▶ _AIM OF THE TASK_
Return the lines of the material below exactly, beginning with the line that has "Un helicóptero descarga" in it and finishing with the line that has "A mosogató prémium" in it. Leave all pictures aside.

▶ _INPUT RECORDS_

● ● ● ● ●

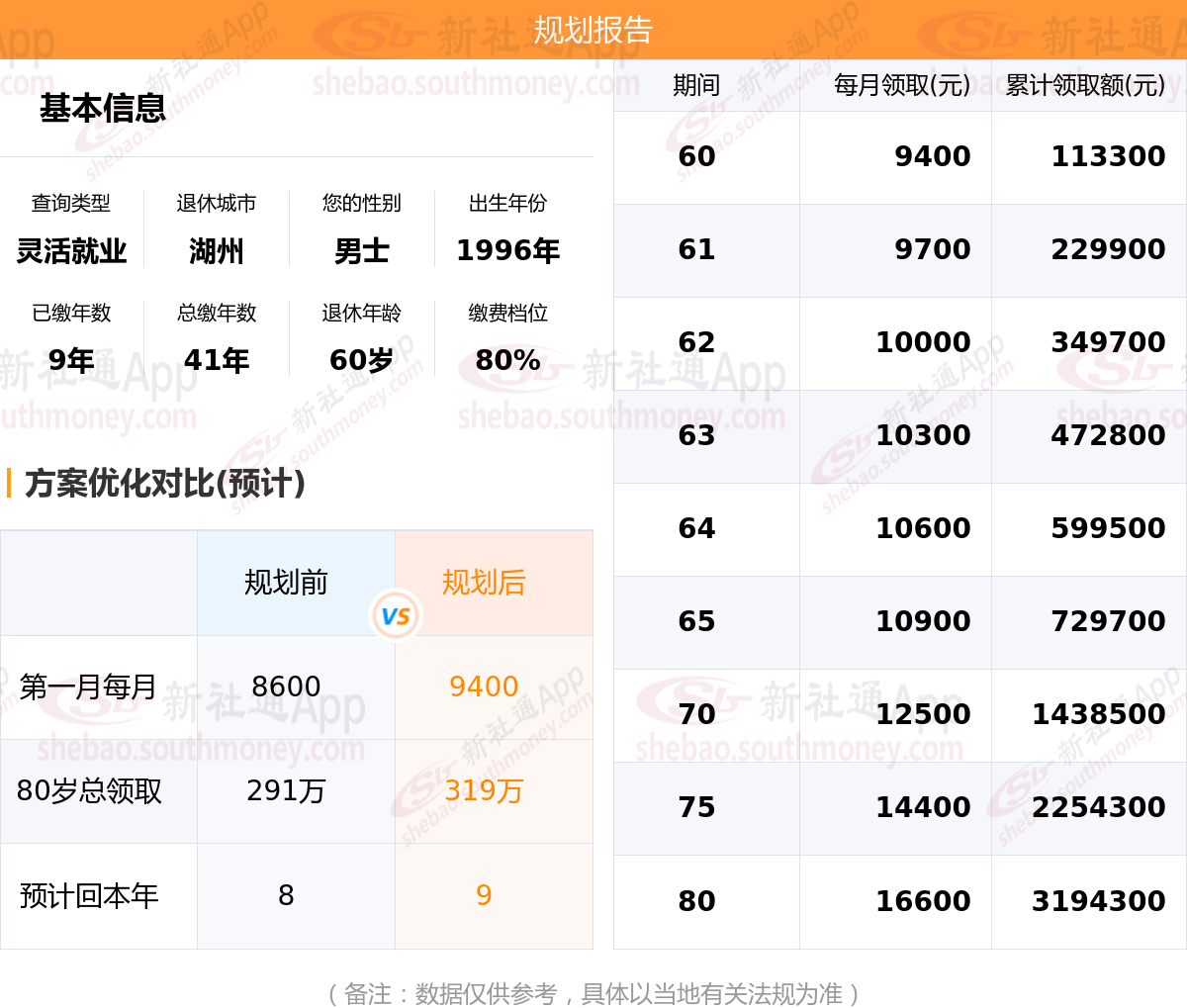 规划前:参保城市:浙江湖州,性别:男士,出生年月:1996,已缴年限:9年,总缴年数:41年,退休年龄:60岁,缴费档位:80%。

● ● ● ● ●

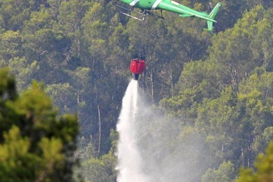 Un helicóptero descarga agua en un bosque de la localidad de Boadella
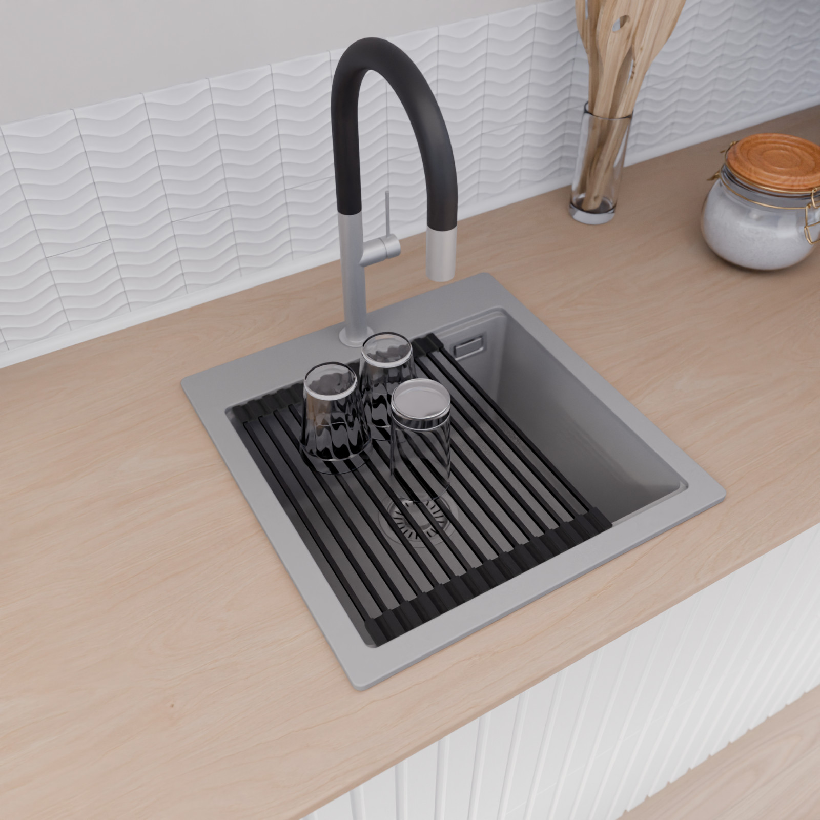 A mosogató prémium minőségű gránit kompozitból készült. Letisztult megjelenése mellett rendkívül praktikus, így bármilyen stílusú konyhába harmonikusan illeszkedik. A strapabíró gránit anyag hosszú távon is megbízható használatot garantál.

● ● ● ● ●

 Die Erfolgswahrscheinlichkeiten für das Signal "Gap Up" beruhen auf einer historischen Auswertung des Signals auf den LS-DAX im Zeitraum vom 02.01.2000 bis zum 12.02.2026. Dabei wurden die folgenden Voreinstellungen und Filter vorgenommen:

● ● ● ● ●

▶ _WORKED SOLUTION_
 Un helicóptero descarga agua en un bosque de la localidad de Boadella
 A mosogató prémium minőségű gránit kompozitból készült. Letisztult megjelenése mellett rendkívül praktikus, így bármilyen stílusú konyhába harmonikusan illeszkedik. A strapabíró gránit anyag hosszú távon is megbízható használatot garantál.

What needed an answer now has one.